:: Information provided ::
☆ ☆ ☆ ☆
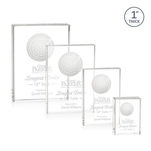 Of the Golf Awards, this beautiful Pennington Golf Award is a great choice. (GLF651) Celebrate excellence on the green with our stunning **1" thick** rectangular Optical Crystal Pennington Award. This freestanding elegant accolade features a striking golf ball centerpiece, creating a mesmerizing 3D effect that captures the spirit of achievement. Crafted with precision and sophistication, it's the perfect tribute for honoring outstanding performance in the world of golf or any other prestigious accomplishment.
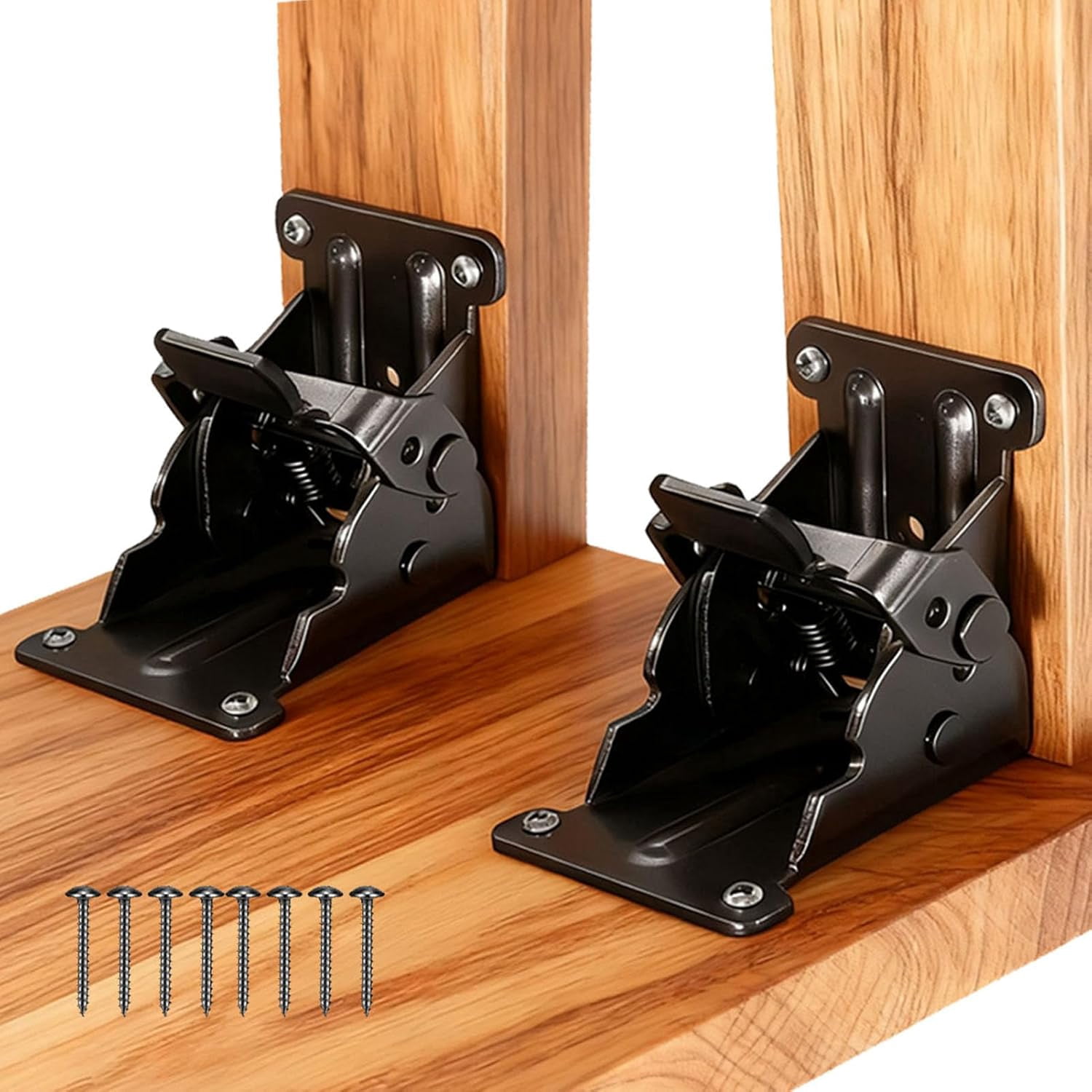 2 Pack Black Folding Brackets, 0-180° Self-Lock Hinges, Heavy-Duty ...
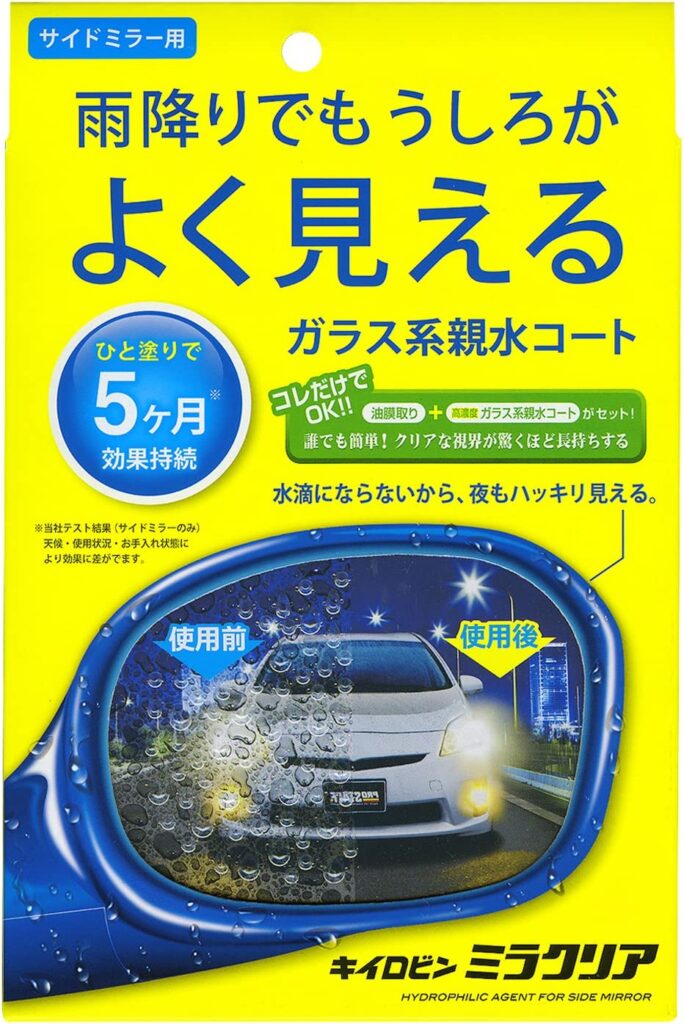 そんな危険を防ぐのに役立つ「サイドミラー用撥水剤」が各メーカーから販売されています。
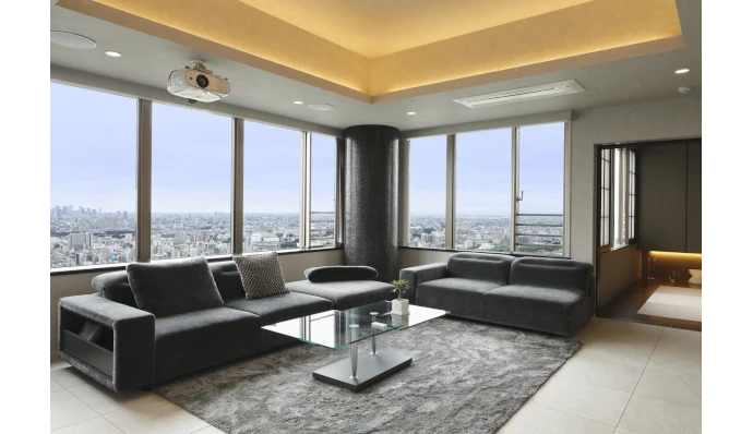居心地のよいリビング。折り上げ天井に施された間接照明が柔らかな光で包み込みます。さらに、天井にはプロジェクターとスピーカーを配置し、本格的なホームシアターを楽しめる仕様になっています。
☆ ☆ ☆ ☆
:: The task ::
Your task is to reproduce exactly the lines from the one with "2 Pack Black" to the end of the material, both included, with the pictures left out.

:: Exercise answer ::
 2 Pack Black Folding Brackets, 0-180° Self-Lock Hinges, Heavy-Duty ...
 そんな危険を防ぐのに役立つ「サイドミラー用撥水剤」が各メーカーから販売されています。
居心地のよいリビング。折り上げ天井に施された間接照明が柔らかな光で包み込みます。さらに、天井にはプロジェクターとスピーカーを配置し、本格的なホームシアターを楽しめる仕様になっています。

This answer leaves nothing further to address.